Il bioaccumulo delle sostanze tossiche può avvenire anche direttamente dall’ambiente in cui l’organismo vive. Nel caso della bioconcentrazione, le concentrazioni della sostanza nei tessuti dell’organismo diventano progressivamente più alte di quelle presenti nell’ambiente, da cui è stata assorbita. Il fattore di bioconcentrazione (BCF), viene definito come il rapporto all’equilibrio tra la concentrazione di una sostanza tossica nell’organismo e quella nel mezzo circostante. Nel caso in cui BCF > 1, la sostanza ha la tendenza a bioaccumularsi, ovvero per quel composto chimico, reazioni biochimiche di quello specifico organismo ne favoriscono l’assunzione e la ritenzione.

Le catene alimentari acquatiche sono generalmente più lunghe e molto più complesse di quelle terrestri, pertanto, mentre la concentrazione di un inquinante nell’acqua può essere inferiore al limite di rilevazione attualmente vigente, nei predatori al vertice della catena alimentare si possono riscontrare gravi effetti tossicologici (White e Hoffman, 1995; Henny et al., 1996). Clarkson (1995) ha verificato che, affinché un contaminante venga accumulato all’interno di un organismo deve essere lipofilico, chimicamente e metabolicamente stabile in acqua e negli organismi e deve avere relativamente bassa tossicità negli organismi della fascia bassa della catena alimentare, per consentire l’accumulo nei predatori al vertice. Esistono, essenzialmente, due approcci generali per valutare, quindi quantificare, il fenomeno del bioaccumulo. Il primo è un approccio empirico, dove BCF (fattore di bioconcentrazione) o BAF (fattore di bioaccumulo), può essere dedotto dalla relazione fra la concentrazione nell’organismo e la contaminazione ambientale. Questi valori, se calcolati

su campioni ambientali, possono essere soggetti a errori dovuti alla variabilità biologica, ma hanno il vantaggio di essere rappresentativi delle reali condizioni ambientali.

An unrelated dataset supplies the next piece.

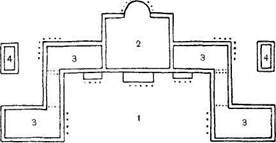 21. Шарль Фурье. Фаланстера; 1829 г. Симметричная дворцовая планировка дополнена комплексом зданий хозяйственного назначения, расположенных перед главным входом

Il secondo approccio, più laborioso, consiste nell’organizzare un modello di bilancio di massa in cui vengono quantificati gli assorbimenti e le perdite di tali composti (Figura 1.12).

Questo modello richiede necessariamente molte informazioni che riguardano la caratteristiche chimiche della sostanza in esame e la fisiologia dell’organismo, tenendo conto, oltretutto, dell’effetto di diluizione dovuto alla crescita e al tasso metabolico specifico del composto (Mackay e Fraser, 2000). Normalmente, tuttavia, quando una sostanza endogena entra in un organismo, viene riconosciuta come estranea e deve essere da questo metabolizzata, per favorirne l’eliminazione. Le sostanze lipofile, per le caratteristiche fisico- chimiche sopracitate, sono le più difficili da rimuovere e necessitano di meccanismi metabolici che portano ad un aumento della loro idrofilia, facilitando così la loro escrezione attraverso le urine, l’aria espirata, le feci, le secrezioni biliari, il latte. Gli estrogeni naturali vengono escreti normalmente per via urinaria, dalle donne in età fertile e in gravidanza, periodo durante il quale vengono sintetizzati in elevate quantità, dal sistema feto-placentare. In generale, la biotrasformazione di una sostanza endogena può portare alla formazione di metaboliti inattivi, metaboliti attivi dotati di spettro d’azione uguale a quello del composto d’origine, metaboliti attivi dotati di spettro d’azione diverso da quello del composto di origine, oppure metaboliti tossici, che potenzialmente, possono tornare in ambiente, una volta eliminati.